Data records:
------------------------------------------------

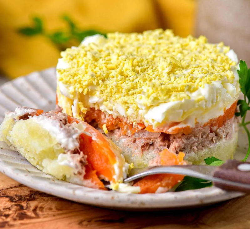 Можно приготовить в глубокой тарелке или выложить порционно с помощью формочек. 🔹 1 слой – натёртый картофель + немного соли + майонез. 🔹 2 слой – разомнутый тунец + лук. 🔹 3 слой – натёртая морковь + майонез. 🔹 4 слой – натёртый сыр + майонез. 🔹 5 слой – натёртые яичные белки + майонез. 🔹 6 слой – натёртые яичные желтки (создавая эффект "мимозы"). 3️⃣ Охлаждение:
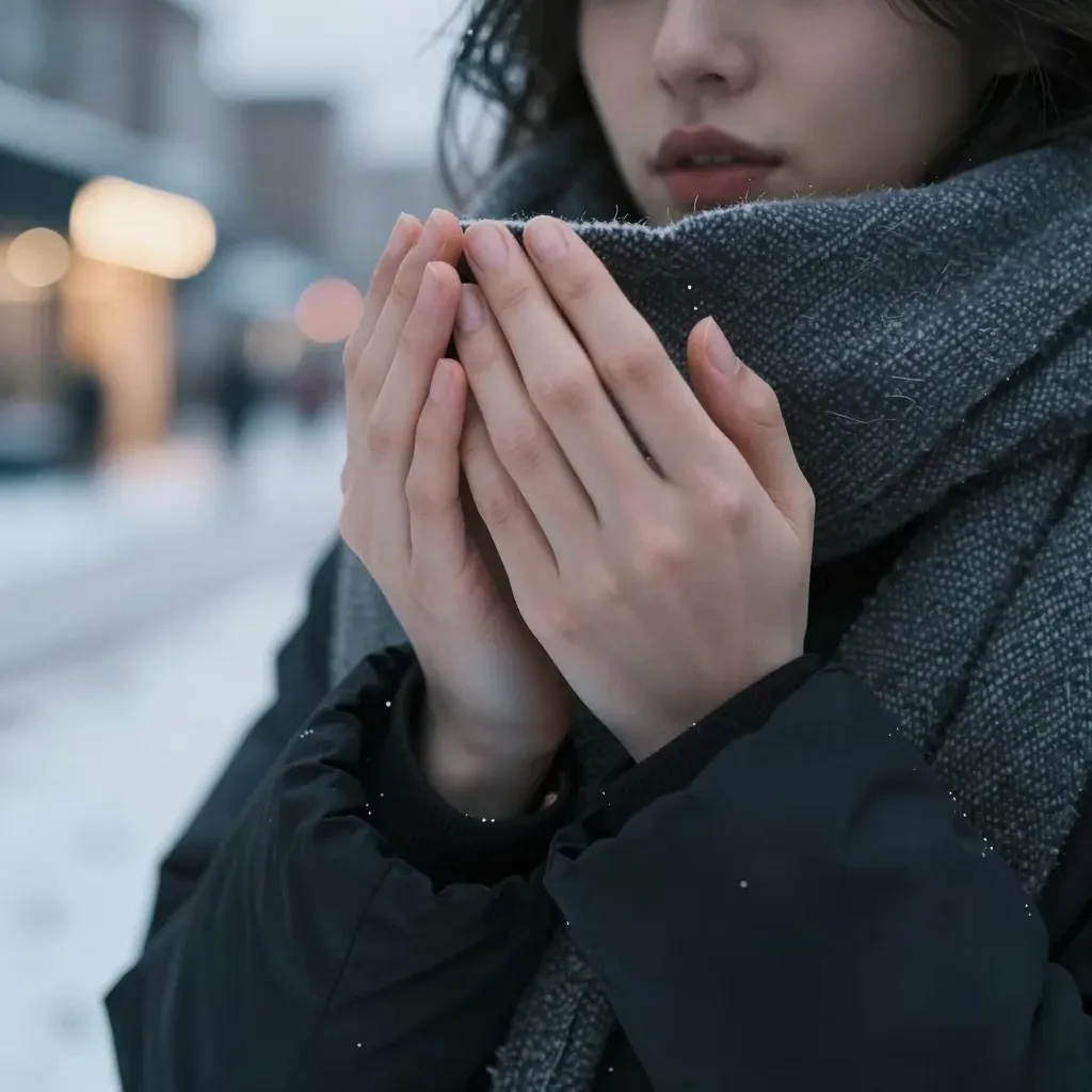 A person in a dark jacket and gray scarf clutches their hands together, creating a sense of warmth and protection against the cold. The soft, diffused lighting highlights the texture of the scarf and jacket, while the blurred cityscape in the background suggests a serene winter morning or evening.
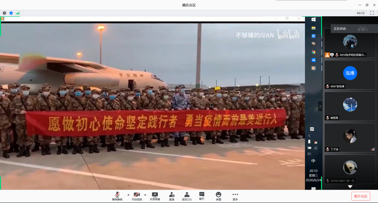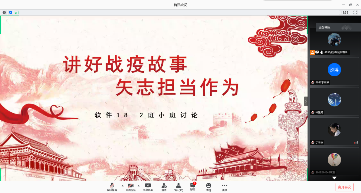 牢记责任使命,矢志担当作为。与会同学对战役故事进行积极的讨论发言,发表自己的感悟。18-1班团支书蒋雁南同学说:“从分享的战疫故事中,我体会到人物精神,感受到了中国精神,要从中汲取力量,寻源奋斗方向,为疫情阻击战和国家建设贡献了自己的一份力量。”18-1班团支书程琳同学说:“疫情尚未结束,各位同学要注意外出安全带好口罩。要相信国家,要相信政府,只要全国14亿人民上下一心、众志成城、同舟共济,我们一定可以打赢这场疫情防控战。”
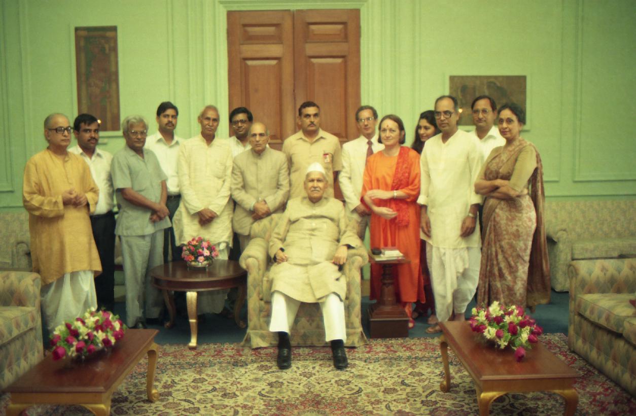 The President of India, Dr. Shankar Dayal Sharma receiving the copies of the books "Charming Krishna" & "Yamunashtakam" from Ms. Rozalia Radhika Priya at Rashtrapati Bhavan in New Delhi on August 05, 1995.
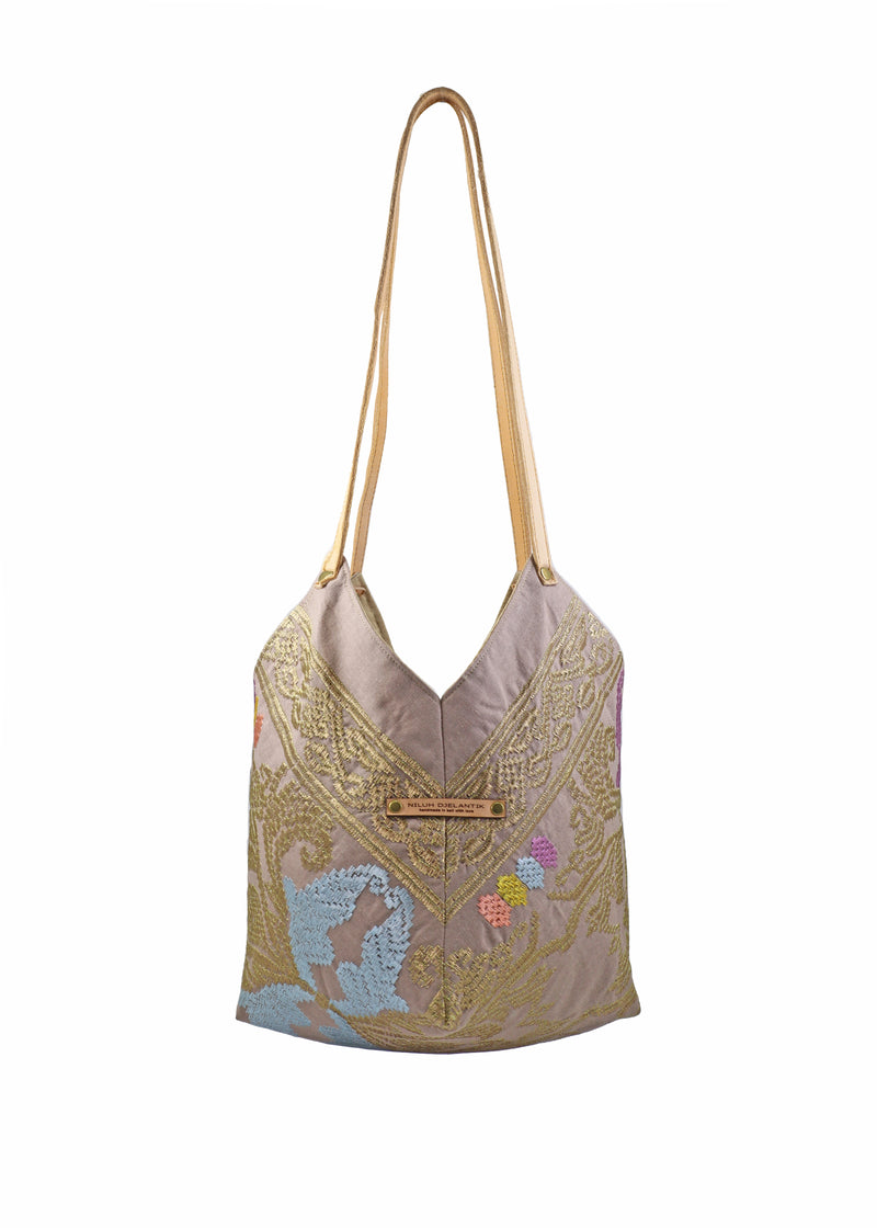 The metallic threads stand out against the background cloth to create a shimmering effect

------------------------------------------------

What the task requires:
Copy the records exactly; no image should appear in the result.

Task result:
 Можно приготовить в глубокой тарелке или выложить порционно с помощью формочек. 🔹 1 слой – натёртый картофель + немного соли + майонез. 🔹 2 слой – разомнутый тунец + лук. 🔹 3 слой – натёртая морковь + майонез. 🔹 4 слой – натёртый сыр + майонез. 🔹 5 слой – натёртые яичные белки + майонез. 🔹 6 слой – натёртые яичные желтки (создавая эффект "мимозы"). 3️⃣ Охлаждение:
 A person in a dark jacket and gray scarf clutches their hands together, creating a sense of warmth and protection against the cold. The soft, diffused lighting highlights the texture of the scarf and jacket, while the blurred cityscape in the background suggests a serene winter morning or evening.
 牢记责任使命,矢志担当作为。与会同学对战役故事进行积极的讨论发言,发表自己的感悟。18-1班团支书蒋雁南同学说:“从分享的战疫故事中,我体会到人物精神,感受到了中国精神,要从中汲取力量,寻源奋斗方向,为疫情阻击战和国家建设贡献了自己的一份力量。”18-1班团支书程琳同学说:“疫情尚未结束,各位同学要注意外出安全带好口罩。要相信国家,要相信政府,只要全国14亿人民上下一心、众志成城、同舟共济,我们一定可以打赢这场疫情防控战。”
 The President of India, Dr. Shankar Dayal Sharma receiving the copies of the books "Charming Krishna" & "Yamunashtakam" from Ms. Rozalia Radhika Priya at Rashtrapati Bhavan in New Delhi on August 05, 1995.
 The metallic threads stand out against the background cloth to create a shimmering effect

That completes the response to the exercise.